The full env-var list with defaults lives in ../README.md §Configuration. The groups below summarise the structure:

  • RequiredRTMANAGER_INTERNAL_HTTP_ADDR, RTMANAGER_POSTGRES_PRIMARY_DSN, RTMANAGER_REDIS_MASTER_ADDR, RTMANAGER_REDIS_PASSWORD, RTMANAGER_DOCKER_HOST, RTMANAGER_DOCKER_NETWORK, RTMANAGER_GAME_STATE_ROOT.
  • ListenerRTMANAGER_INTERNAL_HTTP_* timeouts.
  • DockerRTMANAGER_DOCKER_HOST, RTMANAGER_DOCKER_API_VERSION, RTMANAGER_DOCKER_NETWORK, RTMANAGER_DOCKER_LOG_DRIVER, RTMANAGER_DOCKER_LOG_OPTS, RTMANAGER_IMAGE_PULL_POLICY.
  • Container defaultsRTMANAGER_DEFAULT_CPU_QUOTA, RTMANAGER_DEFAULT_MEMORY, RTMANAGER_DEFAULT_PIDS_LIMIT, RTMANAGER_CONTAINER_STOP_TIMEOUT_SECONDS, RTMANAGER_CONTAINER_RETENTION_DAYS, RTMANAGER_ENGINE_STATE_MOUNT_PATH, RTMANAGER_ENGINE_STATE_ENV_NAME, RTMANAGER_GAME_STATE_DIR_MODE, RTMANAGER_GAME_STATE_OWNER_UID, RTMANAGER_GAME_STATE_OWNER_GID.
  • PostgreSQL connectivityRTMANAGER_POSTGRES_PRIMARY_DSN, RTMANAGER_POSTGRES_REPLICA_DSNS, RTMANAGER_POSTGRES_OPERATION_TIMEOUT, RTMANAGER_POSTGRES_MAX_OPEN_CONNS, RTMANAGER_POSTGRES_MAX_IDLE_CONNS, RTMANAGER_POSTGRES_CONN_MAX_LIFETIME.
  • Redis connectivityRTMANAGER_REDIS_MASTER_ADDR, RTMANAGER_REDIS_REPLICA_ADDRS, RTMANAGER_REDIS_PASSWORD, RTMANAGER_REDIS_DB, RTMANAGER_REDIS_OPERATION_TIMEOUT.
  • StreamsRTMANAGER_REDIS_START_JOBS_STREAM, RTMANAGER_REDIS_STOP_JOBS_STREAM, RTMANAGER_REDIS_JOB_RESULTS_STREAM, RTMANAGER_REDIS_HEALTH_EVENTS_STREAM, RTMANAGER_NOTIFICATION_INTENTS_STREAM, RTMANAGER_STREAM_BLOCK_TIMEOUT.
  • Health monitoringRTMANAGER_INSPECT_INTERVAL, RTMANAGER_PROBE_INTERVAL, RTMANAGER_PROBE_TIMEOUT, RTMANAGER_PROBE_FAILURES_THRESHOLD.
  • Reconciler / cleanupRTMANAGER_RECONCILE_INTERVAL, RTMANAGER_CLEANUP_INTERVAL.
  • CoordinationRTMANAGER_GAME_LEASE_TTL_SECONDS.
  • Lobby internal clientRTMANAGER_LOBBY_INTERNAL_BASE_URL, RTMANAGER_LOBBY_INTERNAL_TIMEOUT.
  • Process and loggingRTMANAGER_LOG_LEVEL, RTMANAGER_SHUTDOWN_TIMEOUT.
  • Telemetry — standard OTEL_*.

Runtime Notes

  • Single-instance v1. Multi-instance Runtime Manager with Redis Streams consumer groups is explicitly out of scope for the current iteration. The per-game lease serialises operations on one game across the consumer + REST entry points; cross-instance coordination is deferred until a real workload demands it.

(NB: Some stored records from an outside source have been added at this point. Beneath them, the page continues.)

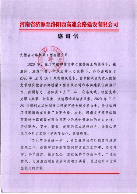 黃河特大橋項(xiàng)目收到業(yè)主來信感謝
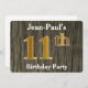 This invitation design features the ordinal number "11th" with a faux gold-like appearance. It also features a customised name, and a rustic faux wood look background. The event details on the back can be personalised. It could be used to invite people to somebody’s eleventh birthday party. [~Z0000016]
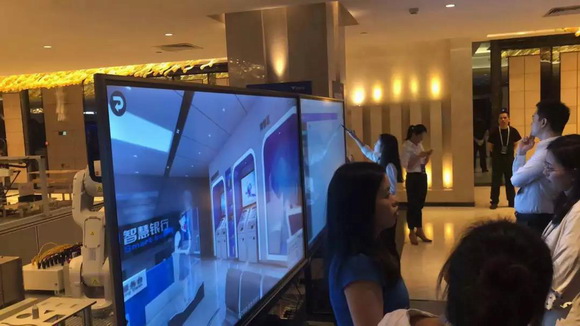 參會(huì)人員正在操作體驗(yàn)酷彩一體機(jī)

  • Lease semantics. rtmanager:game_lease:{game_id} is SET ... NX PX <ttl> with TTL RTMANAGER_GAME_LEASE_TTL_SECONDS (default 60s). The lease is not renewed mid-operation in v1; long pulls of multi-GB images can therefore expire the lease before the operation finishes — the trade-off is documented in services.md §1. The reconciler honours the same lease around every drift mutation (workers.md §14).

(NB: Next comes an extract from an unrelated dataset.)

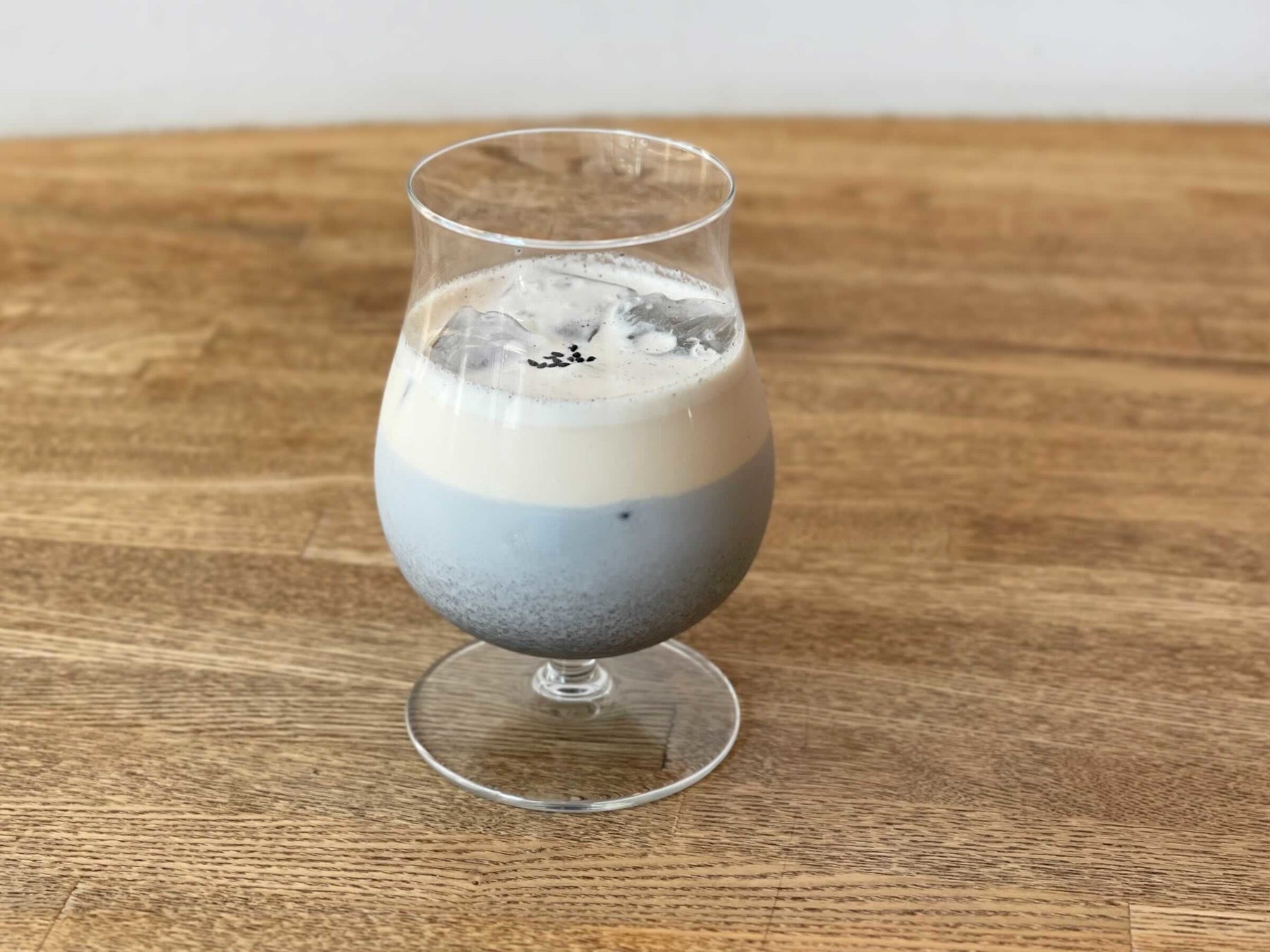 香ばしい黒ゴマソースとミルクを合わせたベースに、シェイクした黒蜜と生クリームをのせた2層仕立てのドリンクです。こだわりの2層仕立てでまったりとした味わいと、絶妙な黒ごま感をお楽しみいただけます。

  • Operation log is the source of truth. Every lifecycle and reconcile mutation appends one row to rtmanager.operation_log. The runtime:health_events stream and the notification:intents emissions are best-effort — a publish failure logs at Error and proceeds, never rolling back the recorded operation (workers.md §8).
  • In-memory probe hysteresis. The active HTTP probe keeps per-game consecutiveFailures and failurePublished counters in a mutex-guarded map. State is non-persistent: a process restart that loses the counters re-establishes hysteresis from scratch, and state for a game that transitions through stopped → running is pruned at the start of every probe tick (workers.md §5).
  • Pull policy fallbacks. RTMANAGER_IMAGE_PULL_POLICY accepts if_missing (default), always, and never. Image labels (com.galaxy.cpu_quota, com.galaxy.memory, com.galaxy.pids_limit) drive resource limits when present; the matching RTMANAGER_DEFAULT_* env vars supply the fallback when a label is absent or unparseable. Producers never pass limits.
  • State directory ownership. RTM creates per-game state directories under RTMANAGER_GAME_STATE_ROOT with the configured mode and uid/gid, but never deletes them. Removing the directory is operator domain (backup tooling, a future Admin Service workflow). A cleanup that removes the container leaves the directory intact.